During the past two decades, increased competition and changes in ownership and on-air IDs — TV 11, ONtv, CH, E!, CHCH News — were accompanied by a steady stream of budget cuts and staff reductions that eventually gutted the station.
CHCH was on the verge of being shut down in 2009 when Channel Zero acquired it, along with Montreal’s CJNT-TV, from the bankrupt broadcasting division of what was then the Canwest media empire.The total cash price of the deal: $12 — which included an $11 price tag for CHCH.
“We had to pick a number for allocation purposes,” Millar recalls with a chuckle. “We thought it was so cool to buy Channel 11 for $11.”
In reality, the investment was substantially more. The deal saw Channel Zero assume the assets and, more significant, the considerable fiscal liabilities of both stations.
Sept. 1, 2009 the revamped CHCH was launched, with a new “Your Superstation” moniker and a new on-air look inspired by a logo from the past.
The relaunch also banked on a schedule heavily weighted with local news.
For the CHCH news team, it was an exhilarating vote of confidence.
“As you can imagine, there was a lot of excitement,” CHCH executive producer John McKenna said during an interview inside the station’s newsroom. “We were all thinking we were going to lose our jobs. Then, these guys came in and, suddenly, we were not an afterthought. We were the centre of their universe. Suddenly,we were important again.”
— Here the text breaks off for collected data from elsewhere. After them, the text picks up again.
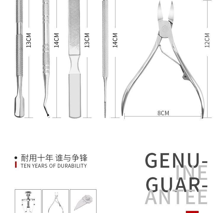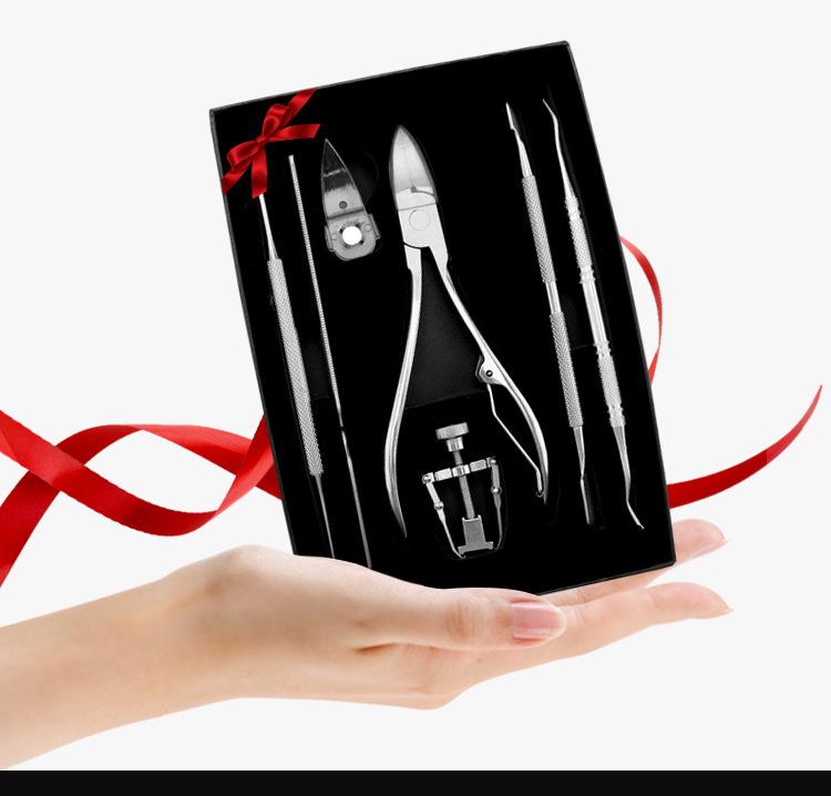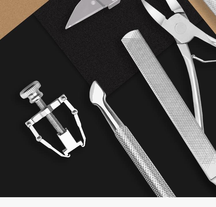 Juego de alicates de punta de pollo de acero inoxidable, cortaúñas, alisador, herramienta para recoger uñas, juego de herramientas para el cuidado de las uñas duras, color gris
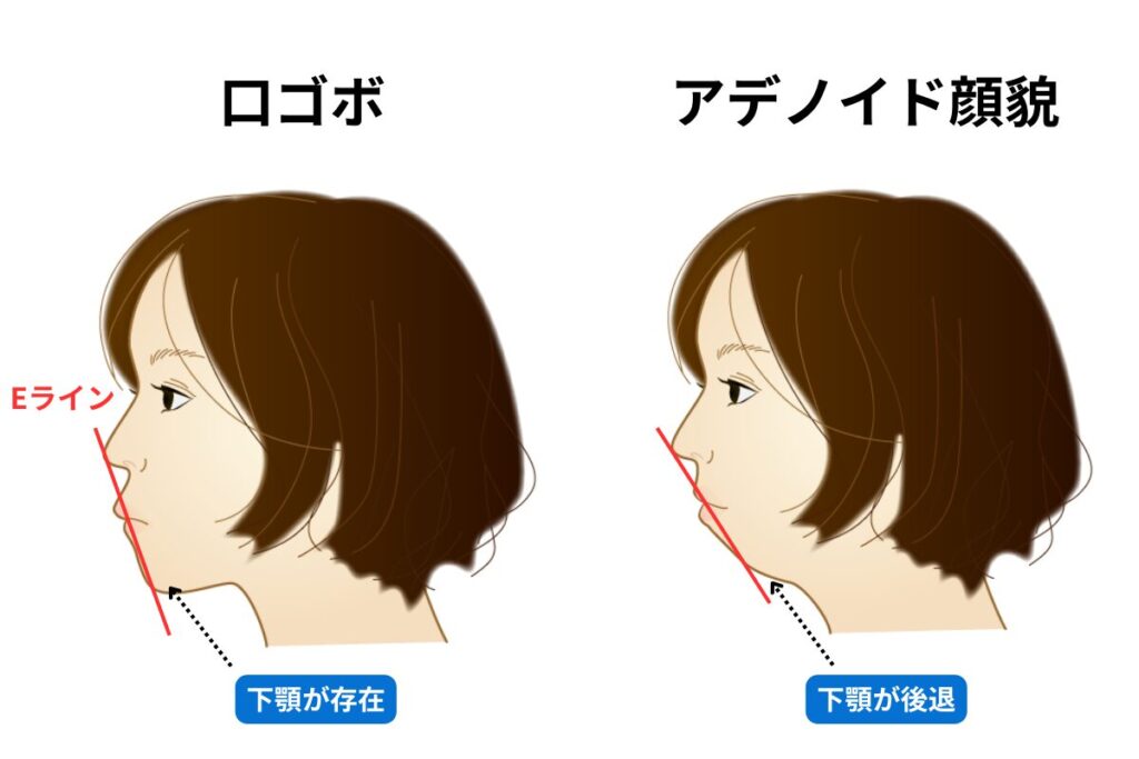 「アデノイド顔貌」は口元がEラインから突出している点で「口ゴボ」と似ています。
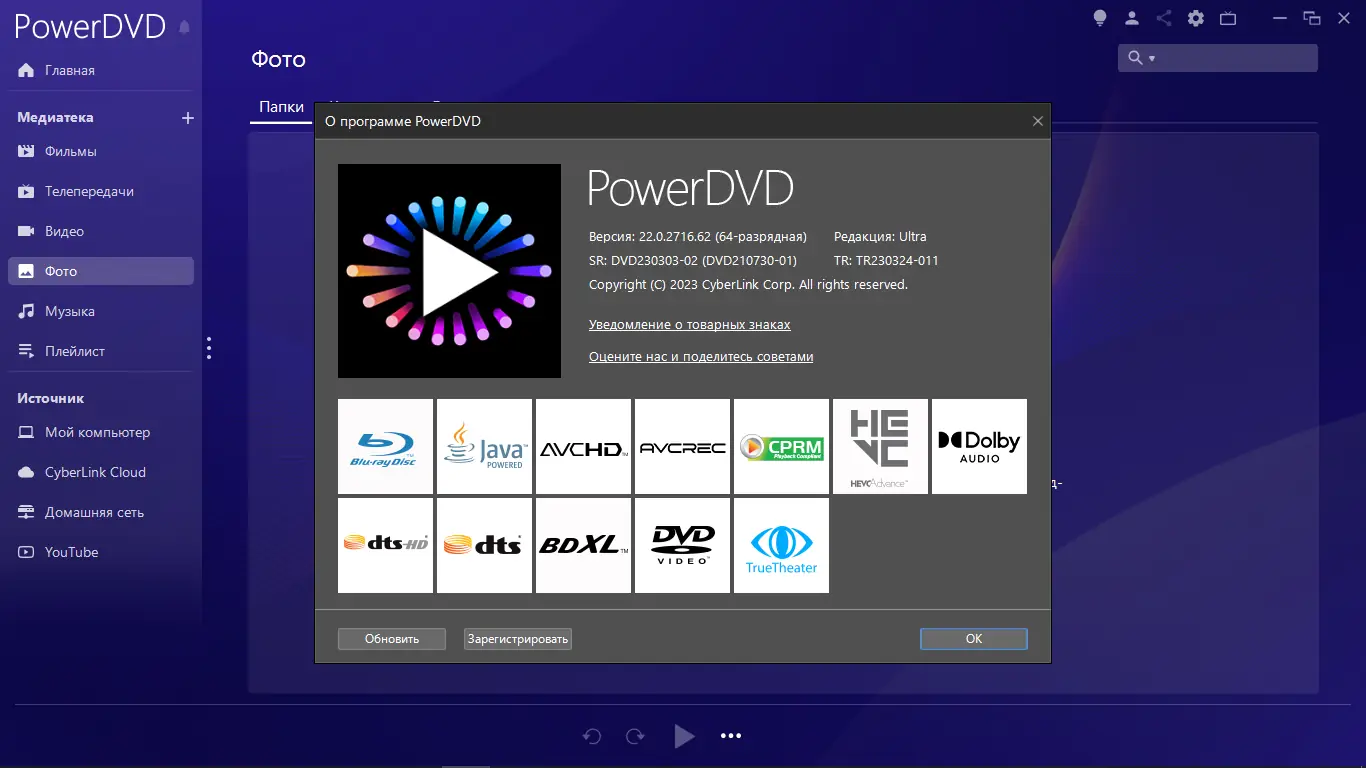 CyberLink PowerDVD — универсальный медиапроигрыватель, предназначенный для воспроизведения видео и аудио высокого качества на персональных компьютерах. Программа поддерживает широкий спектр форматов, включая DVD, Blu-ray, HD-видео и популярные цифровые контейнеры. Благодаря передовым технологиям обработки изображения и звука, обеспечивается кинотеатральный опыт прямо дома.
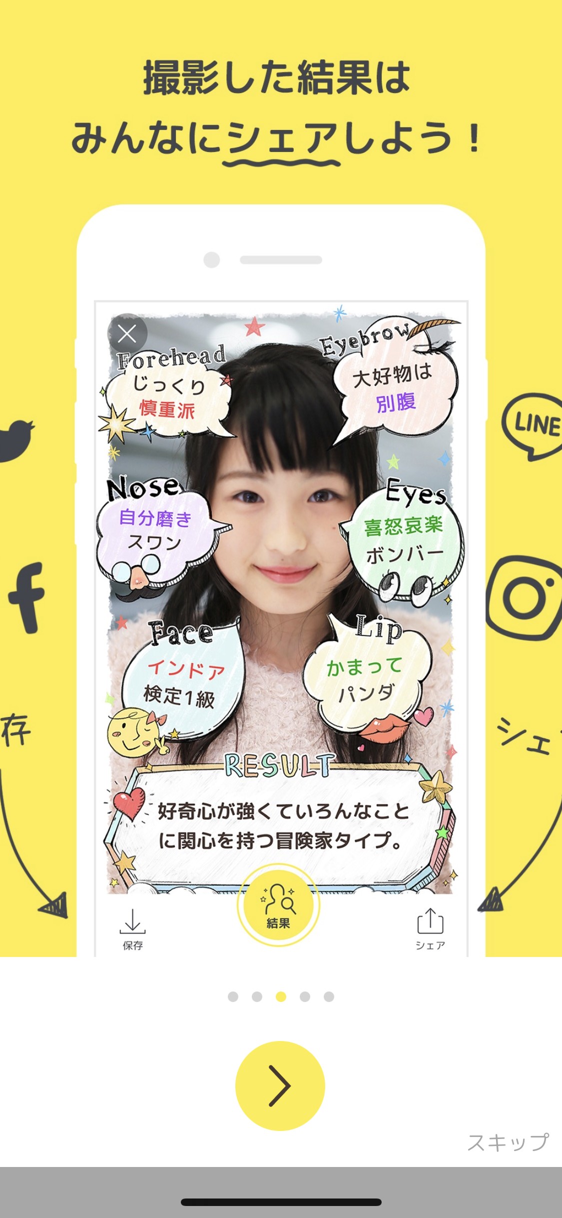 「charame - 人相占い」は、カメラ機能で顔を撮影し、各パーツを解析することで人相占いができるアプリです。鑑定結果の画面では、撮影した顔の周りにパーツ別のコメントが表示され、その下には性格や思考に関する短くてわかりやすいコメントが表示されます。鑑定結果の表示方法がかわいくて無料でも充分楽しめますが、アプリ内課金をするとさらに詳しい鑑定結果を見ることもできます。

CHCH filled evening and weekend schedules with another throwback: classic movies that served as “comfort food” for viewers.
Last season, CHCH expanded its lineup to include such American programs as Chuck, Supernatural, 60Minutes, 48 Hours Mystery, 20/20 and Jimmy Kimmel Live. This fall, the American content grew some more with two new drama series — Hart Of Dixie and The Secret Circle — along with The Insider, a nightly entertainment-news show.
But CHCH has kept “comfort movies” as its evening/weekend centrepiece. It expanded local programming with this fall’s launch of Morning Live First Edition, a 90-minute show that hits the air weekdays at 4 a.m.
The new show means CHCH now airs 84 hours of local programming each week, a milestone the station trumpets as more hours than any other local television station in North America. Although ratings for Morning Live First Edition are still minuscule — about 1,000 viewers each day — Millar is willing to be patient. After all, he says, CHCH’s resurrection has really been a simple process.
“My analogy for a long time was that CHCH was like a tiara that somebody had painted with green paint,”Millar quips. “People thought it was just a plastic throwaway for years.
“All we did was kind of peel the paint off and go, ‘Wow! A nice gem!’
“There is no reason CHCH can’t be the juggernaut it has been in the past.”
The station’s overall reach certainly has that potential. As well as satellite distribution across Canada, CHCH has transmitters that beam its now-digital signal directly over the air into such markets as Ottawa, Windsor, London, Barrie-Orillia and Kitchener-Waterloo.
“We are in four million homes across Ontario and 7.5 million homes across Canada.
“But we also haven’t forgotten our roots. It’s a Hamilton station. It’s relevant from the Humber River to the Niagara River. If you want to call that the Golden Horseshoe, go ahead. But it’s centred on Hamilton.”